How do consumers see allulose?
Allulose is found in nature in figs, raisins and other fruits, but Tate & Lyle manufactures it on a commercial scale via the enzymatic conversion of corn.
“The simple way of explaining the process is that we take the carbohydrate from corn and then go through an enzymatic conversion process to produce allulose,” says Abigail Storms, VP, Platform Management, Sweeteners, Tate & Lyle. “Our carbohydrate source is corn, which enables cost effectiveness and scale.
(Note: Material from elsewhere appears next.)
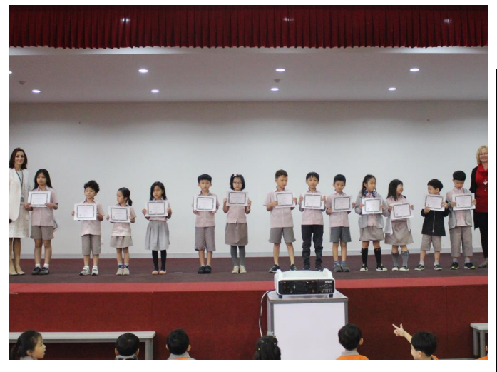
Our Primary School students are proud recipients of the Merit Awards
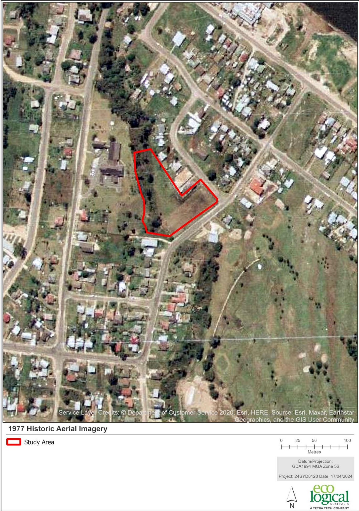
Figure 6: 1977 historic aerial of study area

In addition to corn, different sources of carbohydrate could be used such as sucrose from sugar cane or beets. We could also use non-GMO corn for customers looking for non-GMO options.”
While the word ‘allulose’ is not familiar to most Americans, consumers responded well to the concept of a 'low calorie sugar' and the 'best of both worlds – a sugar without all of the calories,’ claimed Storms, while the product offers obvious benefits to diabetics as it doesn't raise blood sugar.
“In my opinion, the name, the GMO issue and the process we use to make allulose are not holding the market back. It’s found in nature, so it’s not an artificial sweetener. For our customers, the bigger issue is the added sugar labeling [allulose counts as added sugar on food labels although it contributes virtually no calories].”
Allulose (also known as D- Psicose) is not (yet) permitted in Europe, but has GRAS (Generally Recognized as Safe) status in the US and several markets in Latin America, she said.